Garbage Collection Metrics
There are three main key process indicators in gceasy.io report. They are:
Throughput
Latency
FootPrint
We are going to analyze mainly the GC throughput and latency indicators in this report.
Throughput is the amount of work completed by the application to run the transactions in a given time. Latency is the amount of time taken by one single Garbage collection event to run.This indicator should be studied from 3 aspects. They are listed below:
- Average GC time
- Maximum GC time
- GC Time distribution
Note: You will get more details about these topics from https://blog.gceasy.io/2016/10/01/garbage-collection-kpi/ website.
First, we will take a look at the Throughput indicator. Below are the throughputs of OpenJDK and GraalVM.
Throughput of the application
From the above images, the gceasy tool provides accurate information about the status of the application.The GC throughput is 99.947%. Garbage Collection throughput indicates what percentage of the application’s time is spent in processing customer transactions and what percentage of time is spent in the garbage collection activities. For example, if someone says the application’s GC throughput is 99.947%, it means the application spends 99.947% of its time in processing customer transactions and the remaining 0.053% of time in processing Garbage Collection activities. A high GC throughput is desirable as it indicates that the application is efficiently utilizing system resources, leading to minimal interruptions and improved overall performance.
We ran our code for one hour and the application is performing most of the time. We can say the overall health is very good.
Latency of the application
This is overall time taken by the GC event to run the garbage collection process. One thing you have to remember here is that the lesser the value is the better. If the average pause time is high, we need to understand that the application is taking more time to remove the garbage.
GraalVM GC Performance
But, we are going to analyze the latency and pause time from the gceasy reports. Latency is mainly represented based on GC pause time. There are other KPIs in the report, but we are focusing mainly on GC pause time because the throughput is almost the same for both OpenJDK and GraalVM.
In the above report, we can see that the throughput is slightly greater than OpenJDK.It is not a big difference here. The performance of OpenJDK is almost the same as GraalVM. But if you take a look at the latency, the average pause time is very low as compared to the OpenJDK’s.This means that GraalVM is removing garbage quicker than OpenJDK.So, we need to understand why there is a low value in the case of GraalVM. This is because GraalVM uses a better garbage collector.We will check one more metrics to understand this behavior. It is called ‘Pause Time’.
The Pause Time indicates that the time required to pause the application while performing the garbage collection process. During garbage collection, the application will pause until GC activity is over. This time is called Pause Time.

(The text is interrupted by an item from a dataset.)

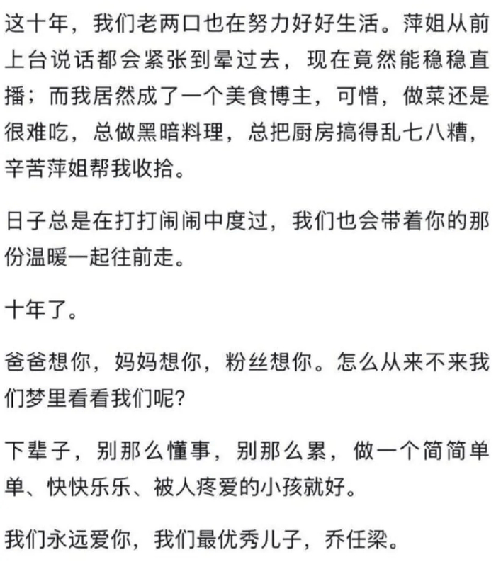 此前,清明节前夕,乔任梁父母发长文悼念儿子,全文如下: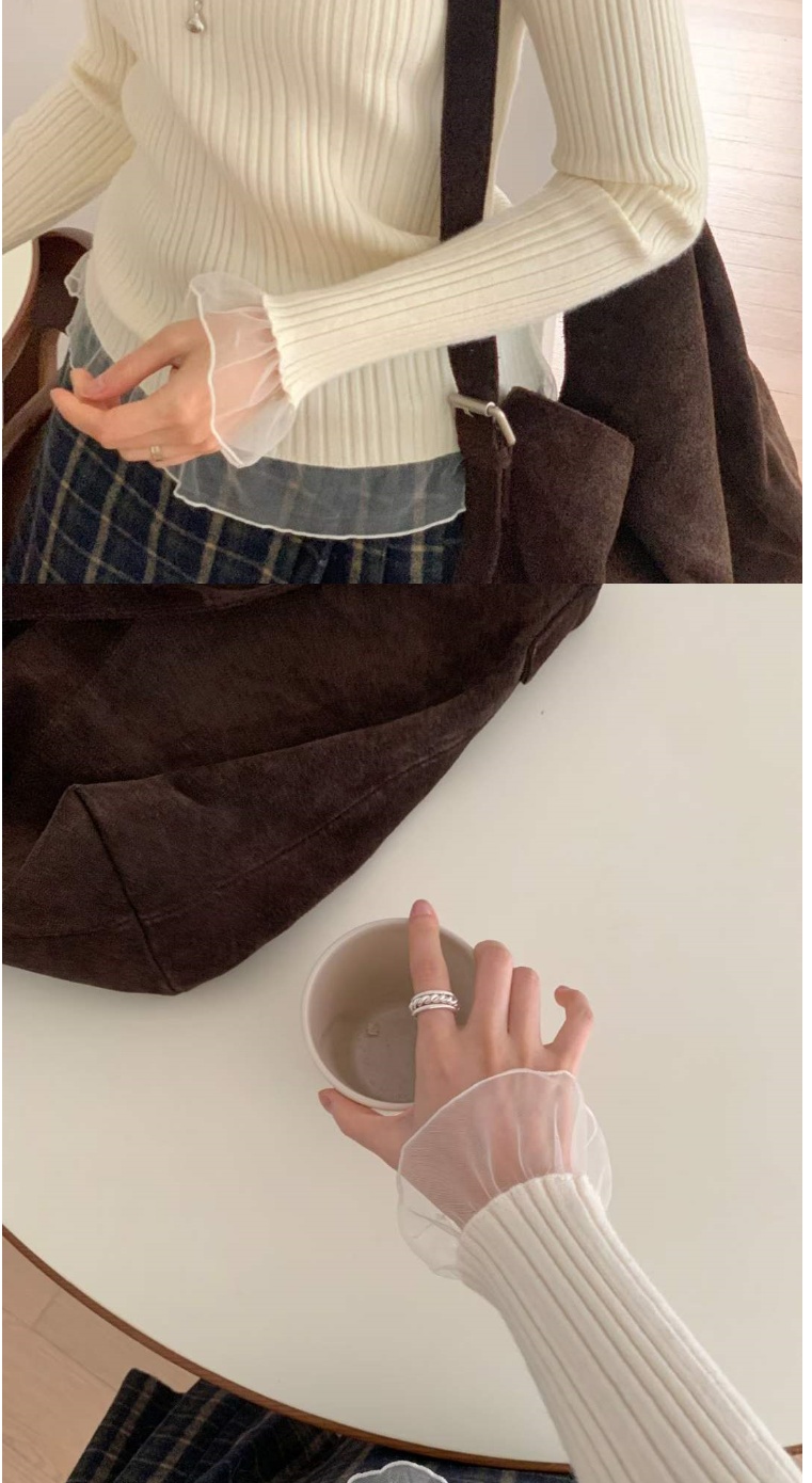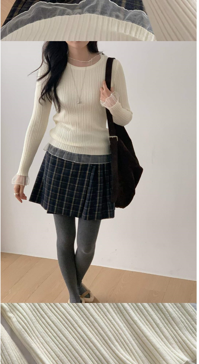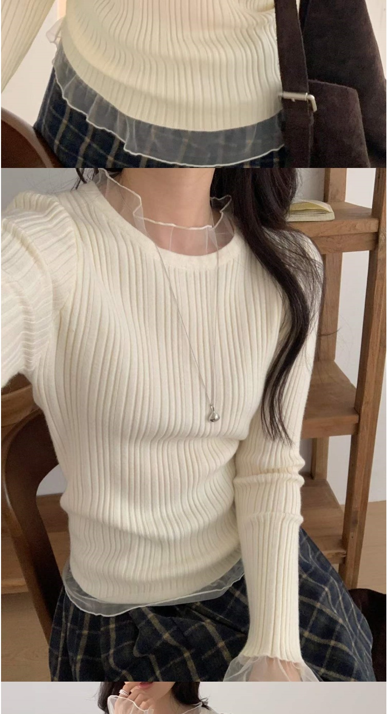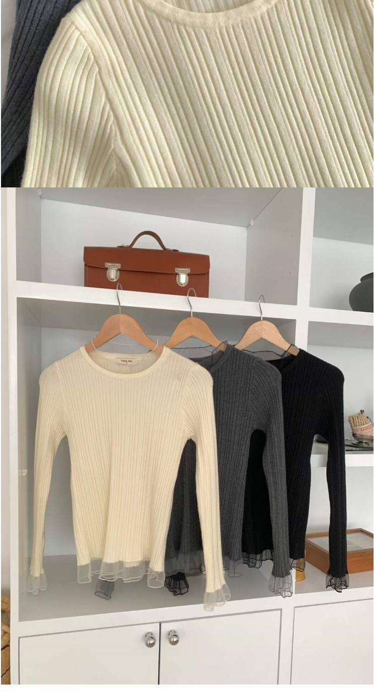 正韓女上衣 蕾絲羅紋長袖針織衫CPC1093-創翊韓都現貨

Above is the pause time for GraalVM. In the case of the GraalVM, this value is 450 ms.
OpenJDK GC Performance
Now we will analyze the pause time for OpenJDK. Look at the screenshot below for the Pause time.
This value is very high in the case of OpenJDK which is 2 secs 450 ms.
The Results in Summary
From the above results, we can see that the GC mechanism is more mature in the case of GraalVM. It is able to remove the unreachable objects quickly as compared to the OpenJDK. You will get more information about the Garbage Collectors from the GC reports and based on this data, it is possible to take your application to the next level.
Links to the report are given below:
Note: Please note that the objective of this article is to understand the differences in the GC behaviors of the two different JDK platforms.
Conclusion
We have analyzed the throughput and latency for two different JDK platforms. The overall health of these two applications are very good. But when comparing the different KPIs, the latency of the application is found to be more promising in the case of GraalVM. The gceasy.io report reveals a lot of information about the GC process.